▶ [What this task involves]: Apart from the pictures, every entry should be reproduced exactly.

▶ [Data excerpts]:
^^^^^^^^^^^^^^^^

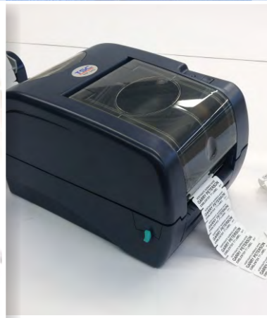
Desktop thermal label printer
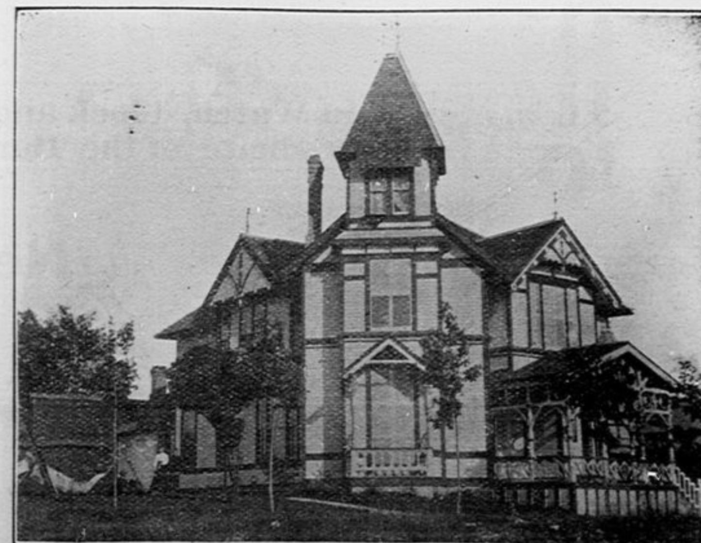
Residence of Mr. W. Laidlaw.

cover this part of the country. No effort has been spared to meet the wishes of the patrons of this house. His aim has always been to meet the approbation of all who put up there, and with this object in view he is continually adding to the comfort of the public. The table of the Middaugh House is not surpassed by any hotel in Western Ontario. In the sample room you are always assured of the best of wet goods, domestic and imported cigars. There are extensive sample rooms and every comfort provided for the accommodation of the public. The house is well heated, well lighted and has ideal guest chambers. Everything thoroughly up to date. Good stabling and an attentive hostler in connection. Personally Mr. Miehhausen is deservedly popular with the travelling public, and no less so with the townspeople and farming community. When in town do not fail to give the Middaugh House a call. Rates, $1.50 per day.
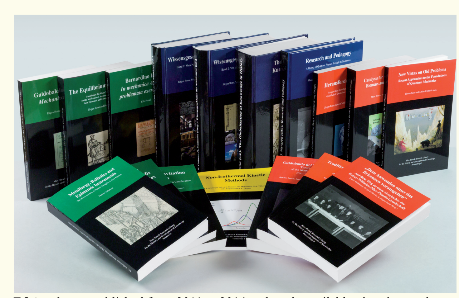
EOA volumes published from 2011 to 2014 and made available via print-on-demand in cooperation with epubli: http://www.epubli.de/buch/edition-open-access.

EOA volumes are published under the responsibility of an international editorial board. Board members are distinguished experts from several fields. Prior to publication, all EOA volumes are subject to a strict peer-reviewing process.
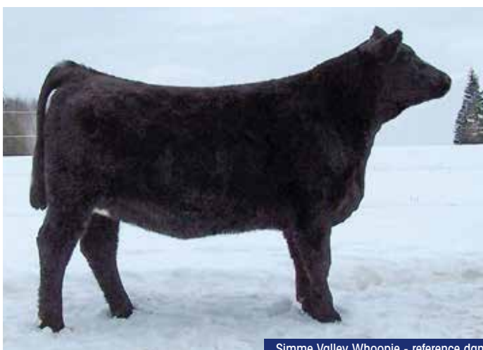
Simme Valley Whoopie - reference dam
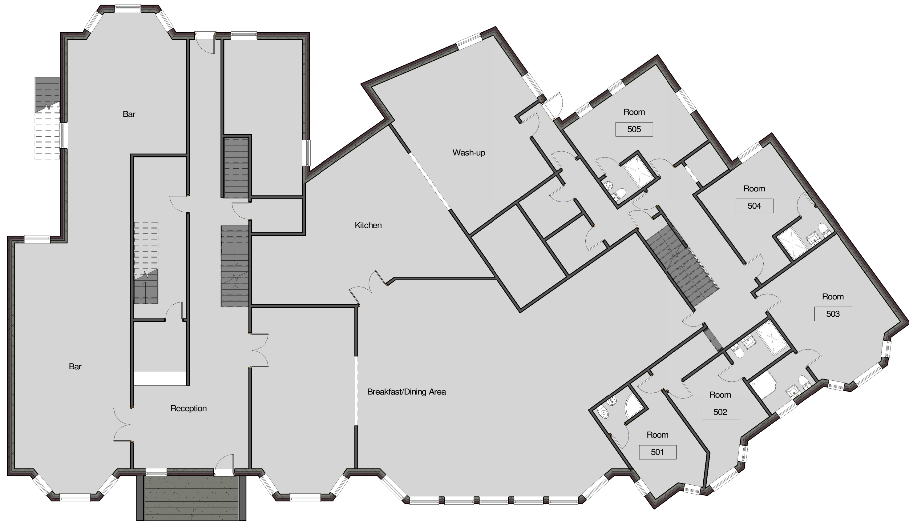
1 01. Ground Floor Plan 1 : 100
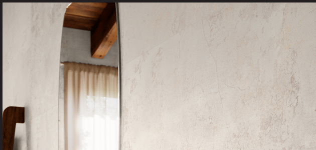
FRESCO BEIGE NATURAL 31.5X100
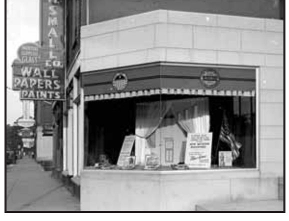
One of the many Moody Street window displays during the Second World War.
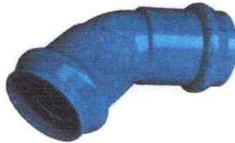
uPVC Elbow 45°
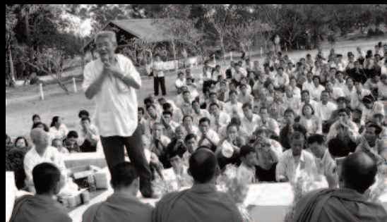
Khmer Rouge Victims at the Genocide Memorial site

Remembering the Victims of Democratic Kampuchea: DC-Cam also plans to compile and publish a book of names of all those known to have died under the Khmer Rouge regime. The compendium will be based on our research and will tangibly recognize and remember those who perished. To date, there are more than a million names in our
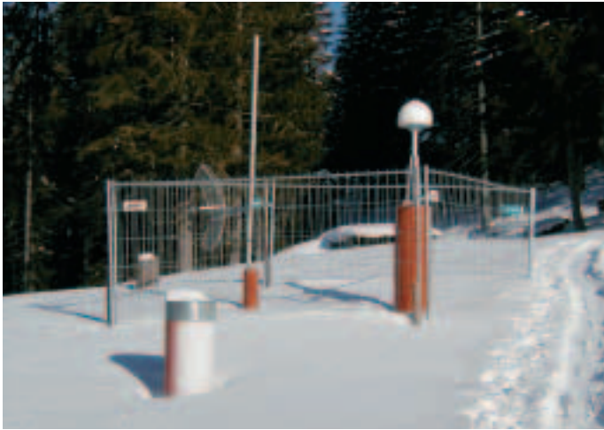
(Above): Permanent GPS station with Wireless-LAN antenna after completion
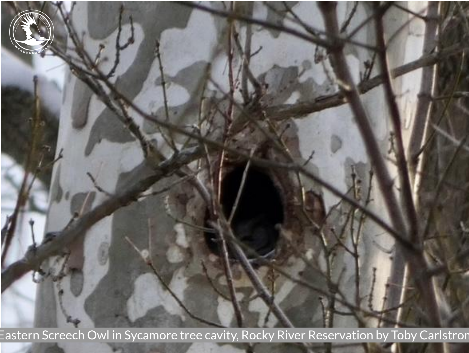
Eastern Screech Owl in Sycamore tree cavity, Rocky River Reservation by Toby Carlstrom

^^^^^^^^^^^^^^^^

▶ [Task output]:
Desktop thermal label printer
Residence of Mr. W. Laidlaw.

cover this part of the country. No effort has been spared to meet the wishes of the patrons of this house. His aim has always been to meet the approbation of all who put up there, and with this object in view he is continually adding to the comfort of the public. The table of the Middaugh House is not surpassed by any hotel in Western Ontario. In the sample room you are always assured of the best of wet goods, domestic and imported cigars. There are extensive sample rooms and every comfort provided for the accommodation of the public. The house is well heated, well lighted and has ideal guest chambers. Everything thoroughly up to date. Good stabling and an attentive hostler in connection. Personally Mr. Miehhausen is deservedly popular with the travelling public, and no less so with the townspeople and farming community. When in town do not fail to give the Middaugh House a call. Rates, $1.50 per day.
EOA volumes published from 2011 to 2014 and made available via print-on-demand in cooperation with epubli: http://www.epubli.de/buch/edition-open-access.

EOA volumes are published under the responsibility of an international editorial board. Board members are distinguished experts from several fields. Prior to publication, all EOA volumes are subject to a strict peer-reviewing process.
Simme Valley Whoopie - reference dam
1 01. Ground Floor Plan 1 : 100
FRESCO BEIGE NATURAL 31.5X100
One of the many Moody Street window displays during the Second World War.
uPVC Elbow 45°
Khmer Rouge Victims at the Genocide Memorial site

Remembering the Victims of Democratic Kampuchea: DC-Cam also plans to compile and publish a book of names of all those known to have died under the Khmer Rouge regime. The compendium will be based on our research and will tangibly recognize and remember those who perished. To date, there are more than a million names in our
(Above): Permanent GPS station with Wireless-LAN antenna after completion
Eastern Screech Owl in Sycamore tree cavity, Rocky River Reservation by Toby Carlstrom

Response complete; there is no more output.